─── Recorded information ───

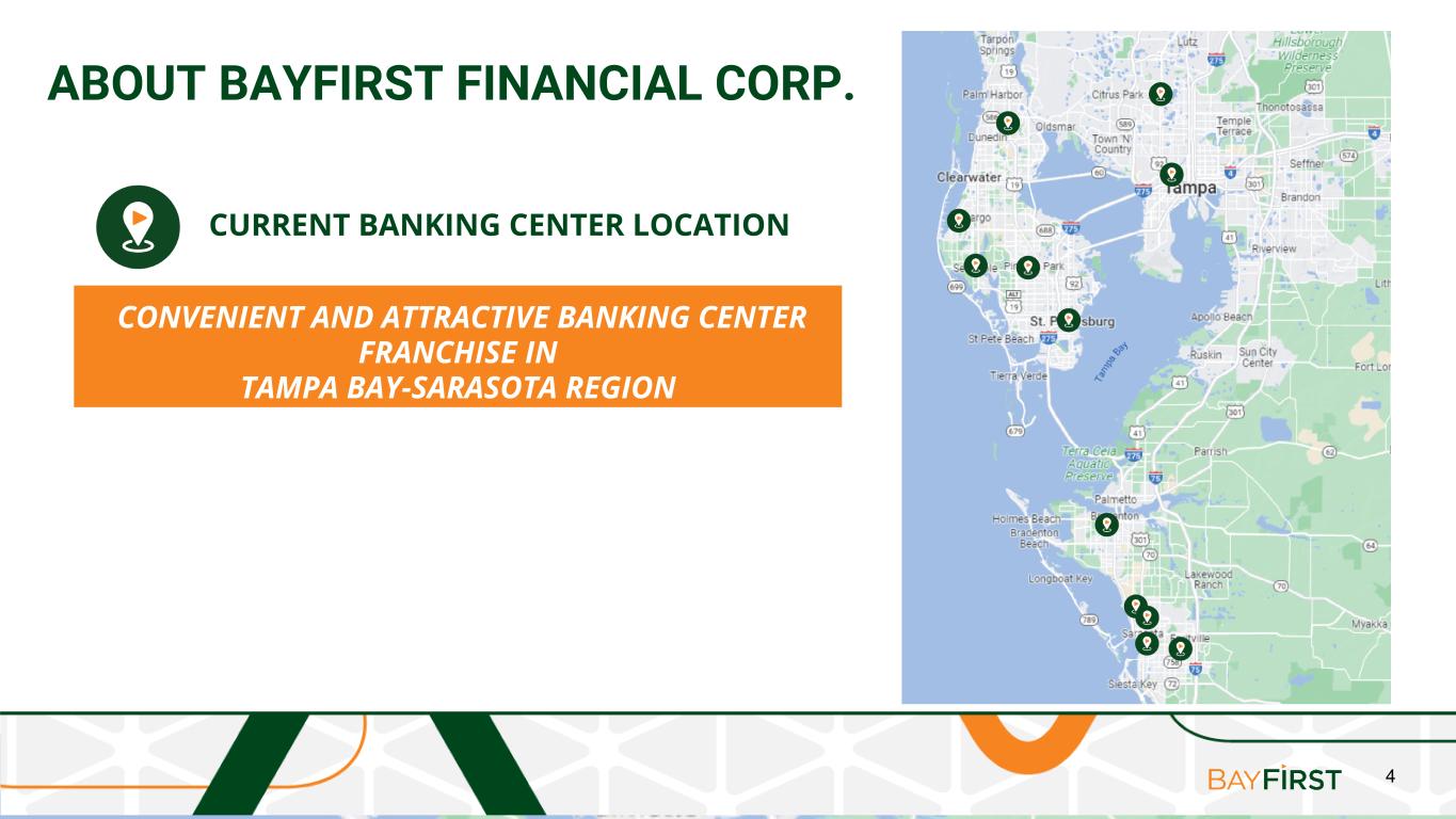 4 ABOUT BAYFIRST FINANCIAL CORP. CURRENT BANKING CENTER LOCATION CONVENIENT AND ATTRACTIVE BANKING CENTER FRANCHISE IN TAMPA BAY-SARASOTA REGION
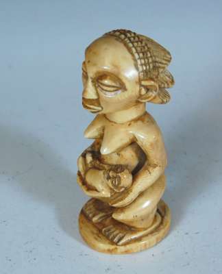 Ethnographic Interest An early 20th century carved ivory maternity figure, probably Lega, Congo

───
─── Recorded information ───

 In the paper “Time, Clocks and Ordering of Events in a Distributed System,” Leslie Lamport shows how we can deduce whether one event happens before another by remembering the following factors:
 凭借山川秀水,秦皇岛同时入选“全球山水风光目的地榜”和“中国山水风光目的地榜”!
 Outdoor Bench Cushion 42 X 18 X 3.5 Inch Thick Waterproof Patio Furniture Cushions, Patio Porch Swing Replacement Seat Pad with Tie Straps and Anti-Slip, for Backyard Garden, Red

───

| Assignment |
Give again the lines of the listing above that run from the one with "4 ABOUT BAYFIRST" up to and including the one with "Ethnographic Interest An". Keep them exact and omit the pictures.

| Your solution |
 4 ABOUT BAYFIRST FINANCIAL CORP. CURRENT BANKING CENTER LOCATION CONVENIENT AND ATTRACTIVE BANKING CENTER FRANCHISE IN TAMPA BAY-SARASOTA REGION
 Ethnographic Interest An early 20th century carved ivory maternity figure, probably Lega, Congo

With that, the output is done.